#### Task objective:
Return exactly the lines from the one containing "近日,從國家知識產(chǎn" through the last line of the records below, both included, and leave out any pictures.

#### Provided records:

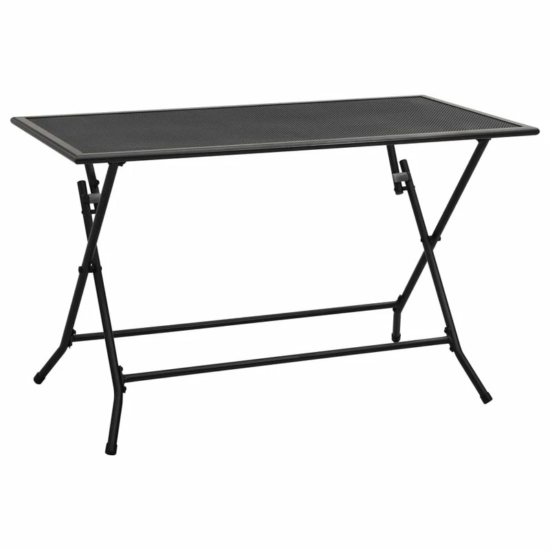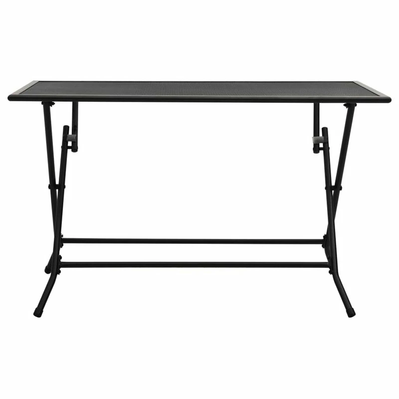 Transform your outdoor seating area with this mesh folding table. You can place this table along with your favorite patio chairs to host dinner or afternoon tea with your friends or family. This table is made of sturdy steel with an e-coating and powder coating. The metal table is extra strong, durable, and weather-resistant and rust-resistant. It is also easy to clean and maintain thanks to the finish. The mesh design gives the set an elegant look. The mesh tabletop offers a sturdy space for drinks, snacks, etc. It can be easily folded away when not in use.
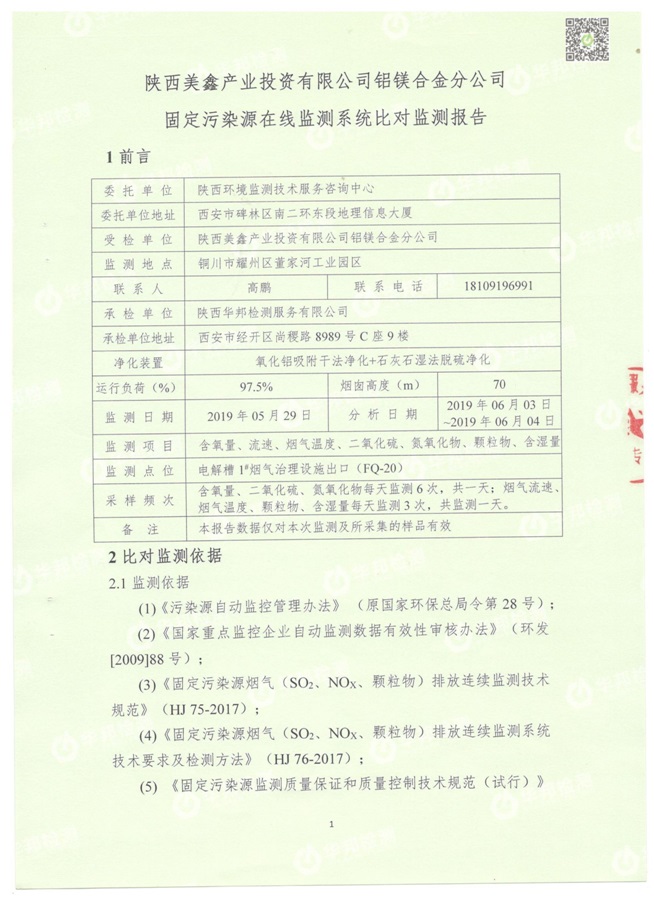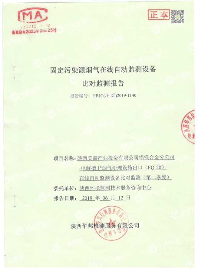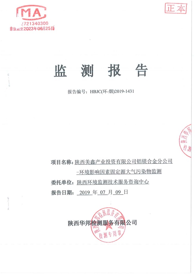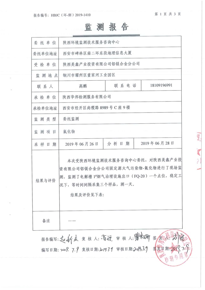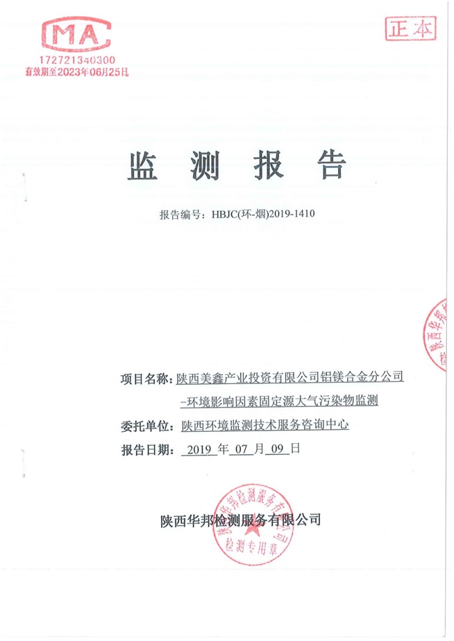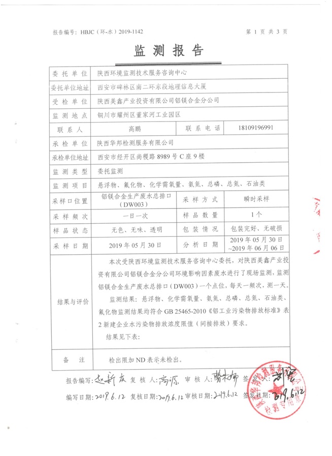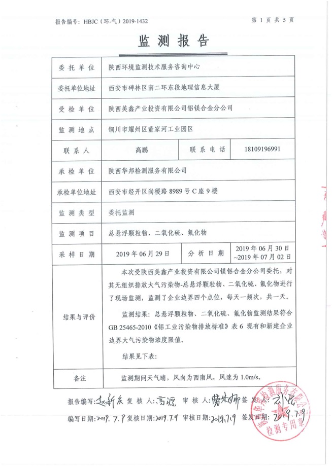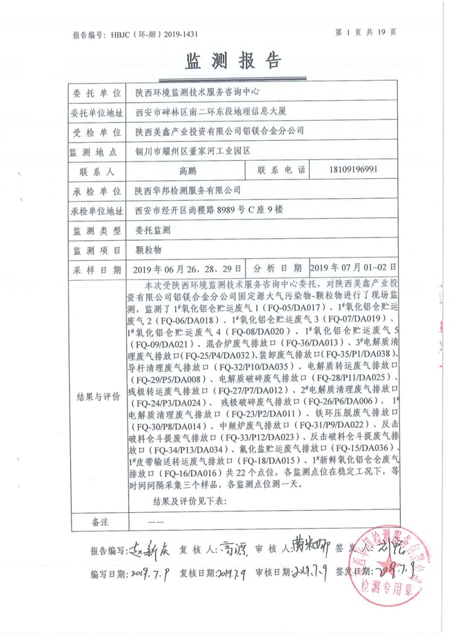 一、基礎(chǔ)信息: 陜西美鑫產(chǎn)業(yè)投資有限公司 統(tǒng)一社會(huì)信用代碼:91610200567136996Y 法定代表人:高曉兵 生產(chǎn)地址:陜西省銅川市董家河工業(yè)園區(qū) 聯(lián)系方式:09196982605 生產(chǎn)經(jīng)營和管理服務(wù)的主要內(nèi)容、產(chǎn)品及規(guī)模: 美鑫公司在陜西有色、陜西煤化兩大集團(tuán)的正確領(lǐng)導(dǎo)下,在銅川市委、市政府的關(guān)心支持下,充分利用銅川資源型城市轉(zhuǎn)型政策,依托園區(qū)區(qū)位優(yōu)勢,擬投資150億元,建設(shè)年產(chǎn)30萬噸預(yù)焙陽極、120萬噸煤礦、30萬噸鋁鎂合金及配套動(dòng)力站、20萬噸鋁深加工、年吞吐量500—800萬噸物流園等循環(huán)經(jīng)濟(jì)項(xiàng)目。該集群項(xiàng)目已被列入《陜西省國民經(jīng)濟(jì)和社會(huì)發(fā)展第十二個(gè)五年規(guī)劃綱要》,為陜西省“58123”項(xiàng)目之一。美鑫公司以循環(huán)經(jīng)濟(jì)為路徑,堅(jiān)持經(jīng)濟(jì)增長與環(huán)境保護(hù)協(xié)調(diào)發(fā)展,聚合資源與資本,走綠色發(fā)展、清潔發(fā)展、低碳發(fā)展的循環(huán)經(jīng)濟(jì)轉(zhuǎn)型升級之路。 陜西美鑫鋁鎂合金分公司采用的500kA預(yù)焙陽極電解槽,自動(dòng)化程度高,電解槽打殼、加料全過程均由微機(jī)自動(dòng)控制,從而使槽罩開啟次數(shù)顯著降低,電解槽集氣效率能夠達(dá)到99%,大大地減少了煙氣無組織排放。項(xiàng)目配置了2套電解煙氣凈化系統(tǒng),經(jīng)捕集的煙氣通過排煙支管進(jìn)入排煙總管,采用電解鋁生產(chǎn)原料—氧化鋁吸附阻濾煙氣中的氟化氫氣體及含氟煙塵,吸附后的載負(fù)氧化鋁進(jìn)入袋式除塵器,經(jīng)氣固分離后進(jìn)入石灰石—石膏脫硫系統(tǒng)脫硫。 陜西美鑫產(chǎn)業(yè)投資有限公司鋁鎂合金分公司2019年2季度自行監(jiān)測如下: 二、監(jiān)測方案: 1 大氣污染源監(jiān)測
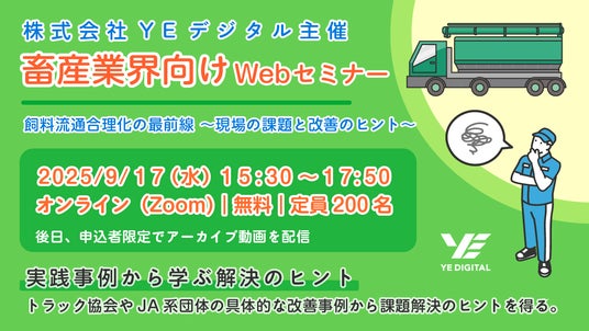 株式会社YE DIGITAL(本社:北九州市小倉北区、代表取締役社長:玉井裕治、以下、YEデジタル)は、この度、飼料メーカー、飼料配送業者、畜産農家の皆様を対象にしたセミナー『飼料流通合理化の最前線 ~現場の課題と改善のヒント~』を2025年9月17日(水)に開催いたします。
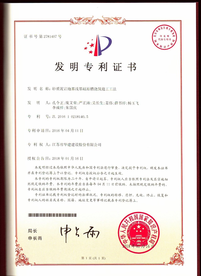 近日,從國家知識產(chǎn)權(quán)局傳來好消息,重慶分公司申報的技術(shù)成果《砂質(zhì)泥巖地基淺基礎(chǔ)原槽澆筑施工工法》獲得國家發(fā)明專利授權(quán)。該發(fā)明專利重慶分公司獲得的首個國家發(fā)明專利至此,珠海區(qū)域公司國家發(fā)明專利已達兩項。
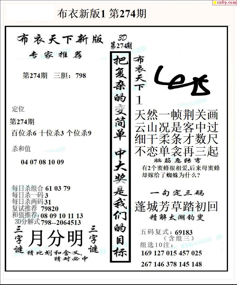 牛彩版3D字谜彩报图25年332期打印版
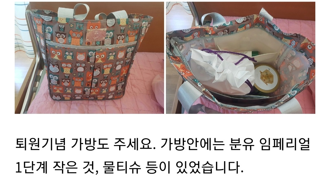수술 경과를 살피기 위해 2시간에 1번 이상 간호사님이 들르셔서 혈압, 열 측정, 자궁오로배출을 위한 배 눌러주기, 오로패드 교체 등을 해주셨어요... 이때 훗배앓이가 정말 아파요. 페인버스터 신청여부를 물어봐주셔서 미리 효과가 좋다고 알고 있던 터라, 신청했습니다! 경산모는 훗배앓이가 더 심하다고 하는데 사람마다 다른지, 저는 첫째 때보다 훗배앓이가 덜한 것 같다고 느꼈습니다.
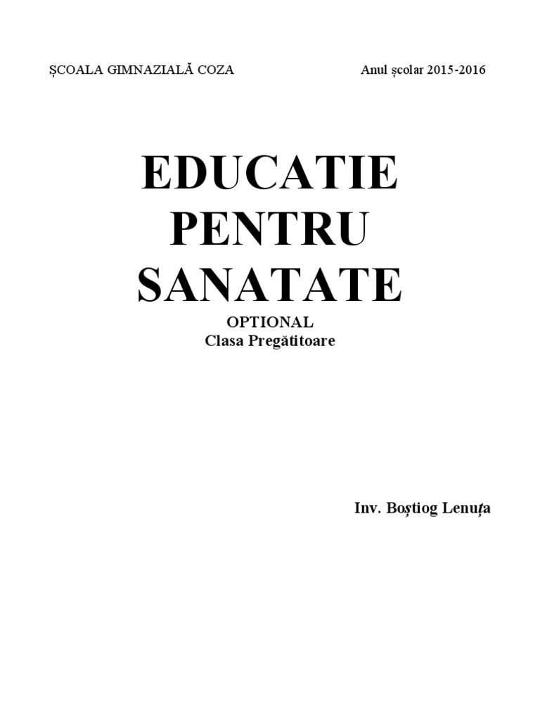 Programa Educatie Pentru Sanatate Clasa Pregatitoare
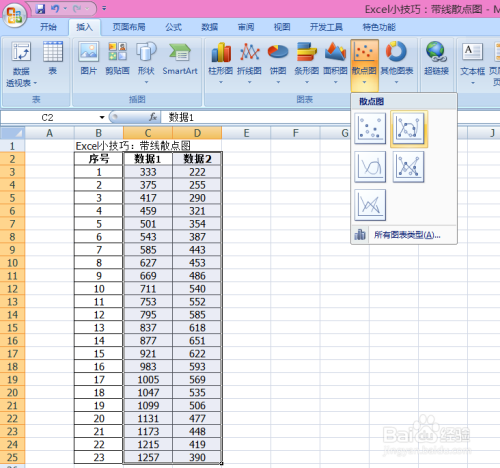 Excel小技巧:带线散点图
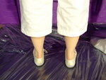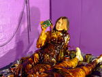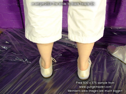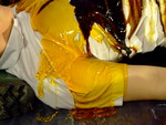 The ladies test each other's outfits very thoroughly indeed, Felicity has treacle poured into her trousers both front and back, till it drips from the leg-bottoms and pools on the floor at her feet, then she has her shirt filled, her back covered, and finally the entire outfit covered all over.
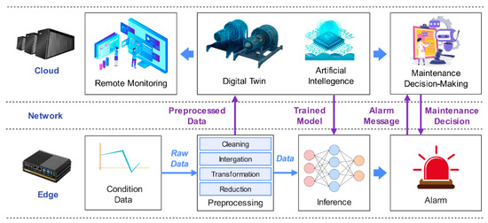 From the above studies, a general edge intelligence architecture can be summarized, as shown in Figure 4. The raw data are preprocessed at the edge, and the results are sent to the cloud. In the cloud, the preprocessed data can be applied directly to remote monitoring and maintenance of equipment, as it can also be used to train machine learning models. The trained model can be deployed at the edge for inference of anomalies and consequently signaling an alarm.

#### Solved problem:
 近日,從國家知識產(chǎn)權(quán)局傳來好消息,重慶分公司申報的技術(shù)成果《砂質(zhì)泥巖地基淺基礎(chǔ)原槽澆筑施工工法》獲得國家發(fā)明專利授權(quán)。該發(fā)明專利重慶分公司獲得的首個國家發(fā)明專利至此,珠海區(qū)域公司國家發(fā)明專利已達兩項。
 牛彩版3D字谜彩报图25年332期打印版
수술 경과를 살피기 위해 2시간에 1번 이상 간호사님이 들르셔서 혈압, 열 측정, 자궁오로배출을 위한 배 눌러주기, 오로패드 교체 등을 해주셨어요... 이때 훗배앓이가 정말 아파요. 페인버스터 신청여부를 물어봐주셔서 미리 효과가 좋다고 알고 있던 터라, 신청했습니다! 경산모는 훗배앓이가 더 심하다고 하는데 사람마다 다른지, 저는 첫째 때보다 훗배앓이가 덜한 것 같다고 느꼈습니다.
 Programa Educatie Pentru Sanatate Clasa Pregatitoare
 Excel小技巧:带线散点图
 The ladies test each other's outfits very thoroughly indeed, Felicity has treacle poured into her trousers both front and back, till it drips from the leg-bottoms and pools on the floor at her feet, then she has her shirt filled, her back covered, and finally the entire outfit covered all over.
 From the above studies, a general edge intelligence architecture can be summarized, as shown in Figure 4. The raw data are preprocessed at the edge, and the results are sent to the cloud. In the cloud, the preprocessed data can be applied directly to remote monitoring and maintenance of equipment, as it can also be used to train machine learning models. The trained model can be deployed at the edge for inference of anomalies and consequently signaling an alarm.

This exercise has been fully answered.